Visual Articulated Tracking in the Presence of Occlusions

Christian Rauch1, Timothy Hospedales2, Jamie Shotton3, Maurice Fallon4

  • 1Robert Bosch GmbH
  • 2Queen Mary University of London
  • 3Microsoft Research
  • 4University of Oxford

Details

10:30 - 13:00 | Tue 22 May | podL | [email protected]

Session: Visual Tracking 1

Abstract

This paper focuses on visual tracking of a robotic manipulator during manipulation. In this situation, tracking is prone to failure when visual distractions are created by the object being manipulated and the clutter in the environment. Current state-of-the-art approaches, which typically rely on model-fitting using Iterative Closest Point (ICP), fail in the presence of distracting data points and are unable to recover. Meanwhile, discriminative methods which are trained only to distinguish parts of the tracked object can also fail in these scenarios as data points from the occlusions are incorrectly classified as being from the manipulator. We instead propose to use the per-pixel data-to-model associations provided from a random forest to avoid local minima during model fitting.
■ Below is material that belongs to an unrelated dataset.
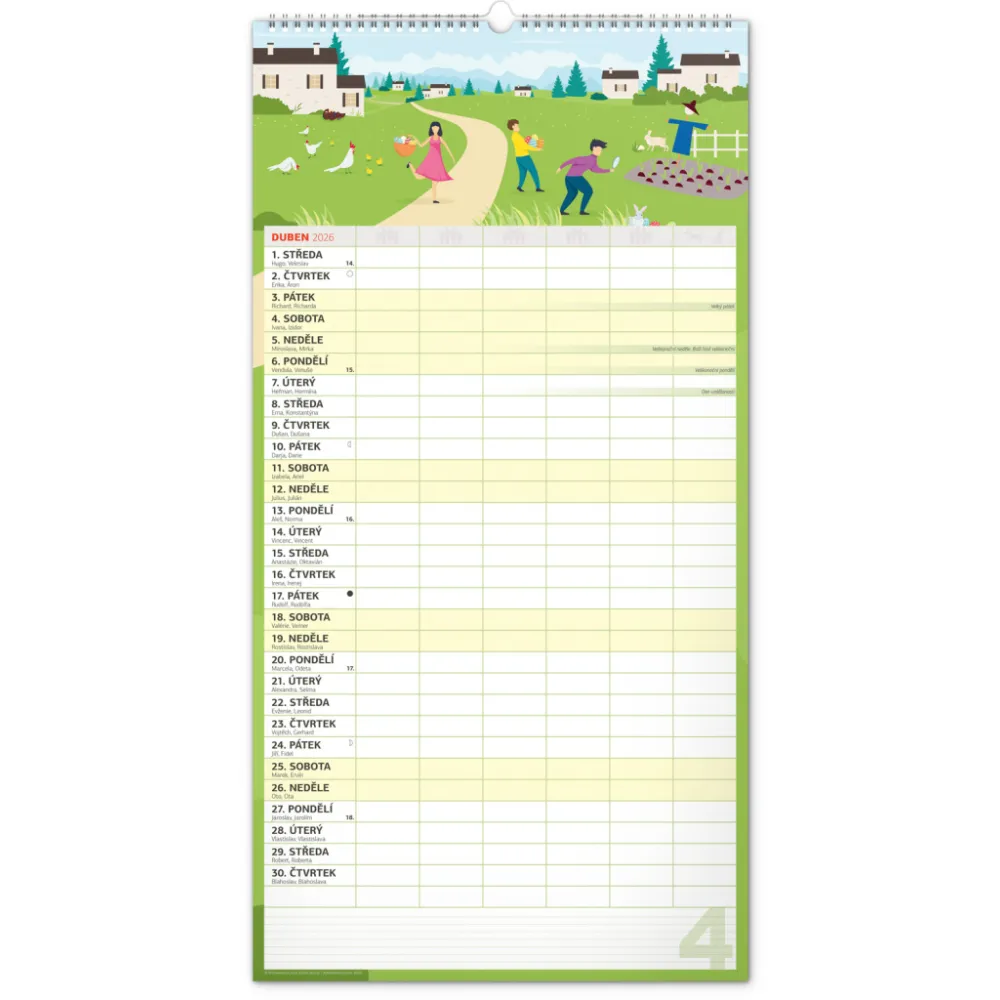 Velký formát kalendáře pro celou rodinu. České kalendárium a samostatný plánovač aktivit až pro šest členů domácnosti doplňují veselé grafické motivy pro každé roční období. Díky dostatečnému prostoru pro poznámky vám neuteče žádná důležitá událost.

By training the random forest with artificial occlusions we can achieve increased robustness to occlusion and clutter present in the scene. We do this without specific knowledge about the type or location of the manipulated object. Our approach is demonstrated by using dense depth data from an RGB-D camera to track a robotic manipulator during manipulation and in presence of occlusions.